On our recent endlessly exhausting drive across New York, my teenage daughter and I noticed a number of signs on the thruway:
IT CAN WAIT
TEXT STOP 5 MILES
At first, I read it as "I.T. can wait." I.T. is the acronym for Information Technology, and in larger companies the I.T. department provides tech support. (Okay, I already said that the drive was endlessly exhausting, didn't I?) Of course, what they were referring to was "it," not "I.T." — "it" being that oh-so-urgent communication, practically burning a hole in your pocket, and demanding to be sent STAT.
Essentially, the new signs and the 100 or so new designated rest areas are the Empire State's concerted effort to curb texting and driving.
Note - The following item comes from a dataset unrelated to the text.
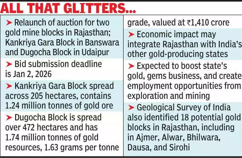 The state's Department of Mines and Geology is now inviting digital bids for composite licences. These licences grant the rights to both explore and mine gold in the specified blocks. The two blocks in focus are the Kankriya Gara Block in Banswara district and the Dugocha (Salumber) Block in Udaipur district. The crucial technical bid opening is scheduled for January 2, 2026.
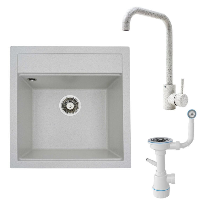 Представляємо вам ідеальне рішення для сучасної кухні — елегантний та надійний комплект, що поєднує в собі стильну гранітну мийку, зручний змішувач та високоякісний сифон. Цей набір створений для тих, хто цінує естетику, довговічність та комфорт у щоденному використанні.

Texting and driving ranks high on the list of the stupidest, most self-destructive things we can do these days. It should have its own separate division of The Darwin Awards, which recognize individuals who have contributed to human evolution by self-selecting themselves out of the gene pool. In other words, they really die because they're really dumb.
Really funny, right?
We all know not to text and drive. We've seen the deeply disturbing commercials warning us (in many cases with the most graphical depictions) of the consequences. As parents of new drivers, we anxiously (frantically) remind our teens to put away the phones when they're behind the wheel.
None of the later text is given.